During the Seven Years' War, from 1754, Middleton was stationed aboard  during her apprehension and capture of two French ships at Louisbourg, after which he was stationed in the Leeward Islands. In January 1757, an incident over rum rations, during which Middleton lost his temper and physically attacked a sailor ended with the sailor being court martialled and Middleton being transferred and promoted to command of the sloop HMS Speaker.

Promoted to post-captain on 22 May 1758, Middleton was given command of the frigate HMS Arundel. In 1761, while in command of , he distinguished himself in the West Indies, taking sixteen French ships and several privateers, and received the gratitude of the merchants in the British colony of Barbados. From March 1762 Middleton took command of the frigate Adventure, patrolling the coast of Normandy.

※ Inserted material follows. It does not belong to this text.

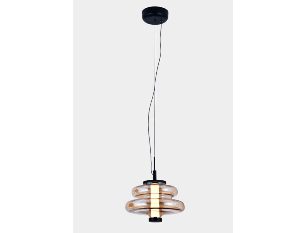 Aluminum pendant light with a diffuser available in various colors, including amber or smoke. Built-in 2700K LED and IP20 protection. Perfect for illuminating and decorating kitchens, living rooms, and bedrooms. Ideal for creating color and size combinations for a unique and personalized space, creating a sculptural visual effect even when the light is off.

In December 1761 Middleton married Margaret Gambier, niece of Captain Mead, who he had encountered aboard HMS Sandwich some twenty years earlier. Margaret moved to Teston in Kent, to be close to her friend Elizabeth Bouverie. In 1763, after service aboard the Adventure, he moved to join Margaret at Teston, and for the next twelve years he farmed the land belonging to Mrs Bouverie, taking on the role of a country gentleman.

In 1775, at the outbreak of the American War of Independence, Middleton was given a guardship at the Nore, a Royal Navy anchorage in the Thames Estuary, and was subsequently appointed Comptroller of the Navy in 1778, a post he held for twelve years. In 1781 was created a baronet, with a special remainder, failing any male issue, to his son in law, Gerard Noel.

In 1784, Sir Charles Middleton was elected Tory Member of Parliament (MP) for Rochester, a seat he held for six years, and on 24 September 1787 he was promoted rear admiral. By 1786 he had become disillusioned with his role as Comptroller of the Navy, seeing it as beset by internal politics between the Admiralty and the Navy Board. In 1786 he prepared a letter to the First Lord of the Admiralty indicating he would "contend no more for the public," and urging the appointment of a successor who could "have more weight than I have had, and influence ministers to correct these evils." The letter was never sent, but Middleton resigned his position in 1790 and effectively retired from naval affairs.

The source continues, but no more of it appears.